Archive for the ‘Privatization’ Category

Deregulation Crashes and Burns

Thursday, July 11th, 2013

Canada’s Transportation Safety Board is far from reaching a conclusion on what caused an unattended train with 72 tanker cars filled with crude oil to roll downhill and crash into the Quebec town of Lac-Megantic, setting off a huge explosion that killed at least 15 people. But that hasn’t stopped Edward Burkhardt, the chief executive of the railroad, from pointing the finger at everyone in sight — except himself.

Burkhardt first tried to blame local firefighters who had extinguished a small blaze in the train before the larger accident, and now he is accusing his own employee — the person who was operating the train all by himself — for failing to apply all the hand brakes when he parked the train for the night and went to a hotel for some rest after his 12-hour shift.

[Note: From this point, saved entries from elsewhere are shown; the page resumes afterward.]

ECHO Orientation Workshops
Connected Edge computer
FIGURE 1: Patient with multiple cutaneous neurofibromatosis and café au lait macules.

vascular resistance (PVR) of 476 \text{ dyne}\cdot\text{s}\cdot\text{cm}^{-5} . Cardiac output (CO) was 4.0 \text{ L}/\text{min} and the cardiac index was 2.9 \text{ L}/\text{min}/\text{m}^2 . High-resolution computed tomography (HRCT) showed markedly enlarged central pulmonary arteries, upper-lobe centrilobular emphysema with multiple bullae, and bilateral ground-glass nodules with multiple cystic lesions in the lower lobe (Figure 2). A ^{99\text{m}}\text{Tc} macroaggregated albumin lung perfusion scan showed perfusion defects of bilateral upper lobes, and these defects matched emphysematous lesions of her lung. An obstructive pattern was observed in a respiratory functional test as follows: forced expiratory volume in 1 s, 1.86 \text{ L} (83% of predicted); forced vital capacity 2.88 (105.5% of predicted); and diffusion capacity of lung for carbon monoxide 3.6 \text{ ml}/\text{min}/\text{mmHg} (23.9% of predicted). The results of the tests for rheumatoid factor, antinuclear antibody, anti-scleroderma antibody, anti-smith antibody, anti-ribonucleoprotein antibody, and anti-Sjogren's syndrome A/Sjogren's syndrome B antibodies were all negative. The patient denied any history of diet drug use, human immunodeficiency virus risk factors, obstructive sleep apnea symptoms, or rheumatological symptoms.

Whatever were the immediate causes of the accident, Burkhardt and his company — Montreal, Maine & Atlantic (MMA) Railway and its parent Rail World Inc. — bear much of the responsibility.

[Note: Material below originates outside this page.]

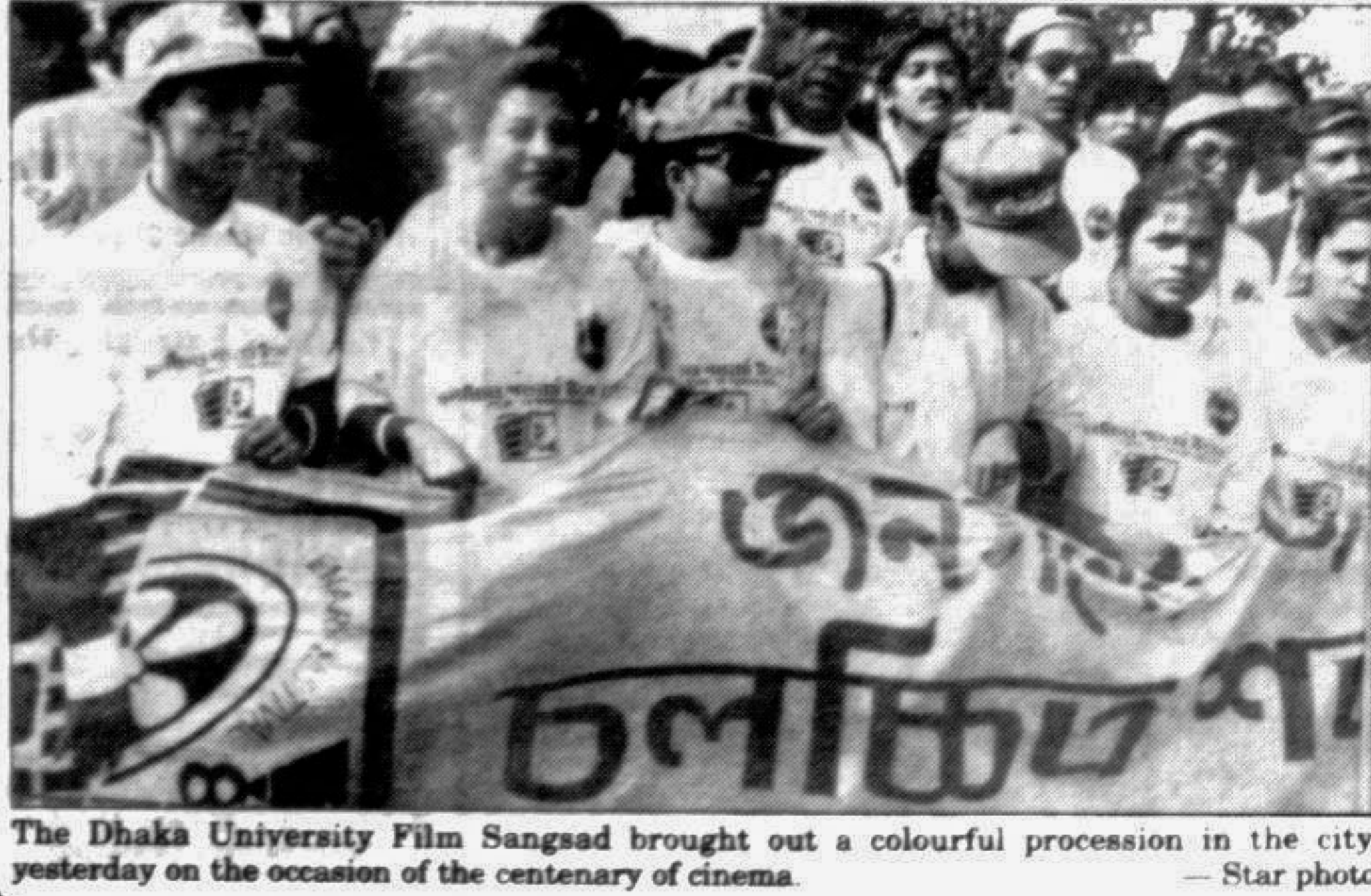
The Dhaka University Film Sangsad brought out a colourful procession in the city yesterday on the occasion of the centenary of cinema.

PARIS, Dec 28: The cinema starts its second century here today, 100 years to the day after the Lumiere brothers — Louis and Auguste — staged the first public projection of a film before an audience of 33 at a Paris cafe, reports AFP. In commemoration, a giant inflatable screen — 30 meters wide — has been put up on the Trocadero Esplanade near the Eiffel Tower, where it will remain until January 1. Strollers, tourists and cinema buffs will be able to view several films on the origin of the cinema as well as a special tribute by 40 directors from around the world — each one of whom shot a 52-second sequence with the very camera used by the Lumiere brothers. Among the directors featured are Merzak Alouache

Burkhardt is a living symbol of the pitfalls of deregulation, deunionization, privatization and the other features of laissez-faire capitalism. He first made his mark in the late 1980s, when his Wisconsin Central Railroad took advantage of federal railroad deregulation, via the 1980 Staggers Rail Act, to purchase 2,700 miles of track from the Soo Line and remake it into a supposedly dynamic and efficient carrier. That efficiency came largely from operating non-union and thus eliminating work rules that had promoted safety.

Wisconsin Central — which also took advantage of privatization to acquire rail operations in countries such as Britain, Australia and New Zealand — racked up a questionable safety record. Burkhardt was forced out of Wisconsin Central in a boardroom dispute in 2001, but he continued his risky practices after his new company, Rail World, took over the Bangor and Aroostook line in 2003 and renamed it MMA.

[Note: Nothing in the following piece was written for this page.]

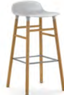
Form Barstool 75 cm Wood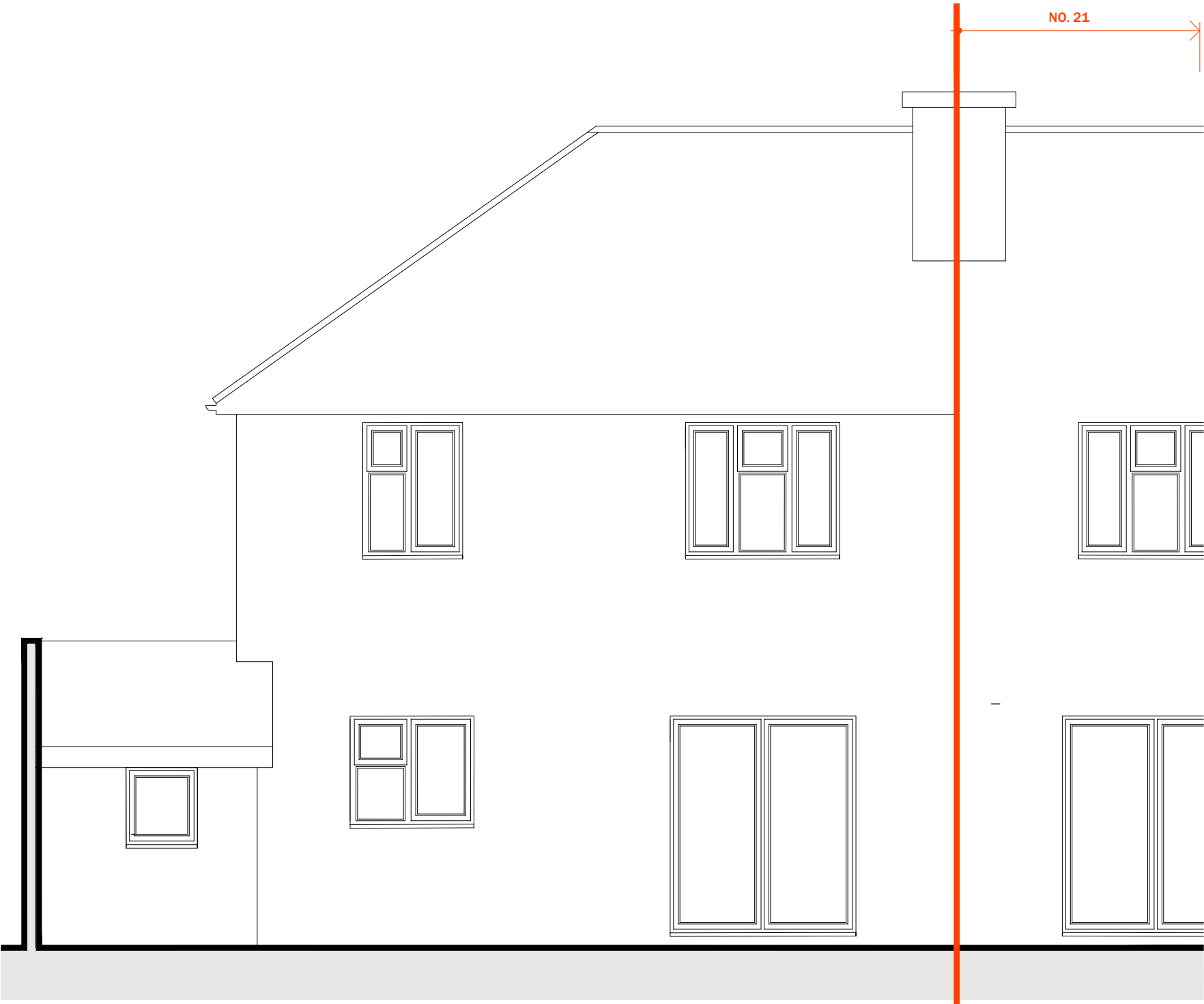
4 REAR ELEVATION SCALE 1:50

Faced with operating losses, Burkhardt and his colleague Robert Grindrod targeted labor costs with little concern about the safety consequences. In 2010 the Bangor Daily News reported that MMA was planning to reduce its crews to one person in Maine, which, amazingly, was allowed by state officials. Grindrod blithely told the newspaper: “Obviously, if you are running two men on a crew and switch to one man, you’re saving 50 percent of your labor component.” The company also succeeded in getting permission for one-man crews in Canada.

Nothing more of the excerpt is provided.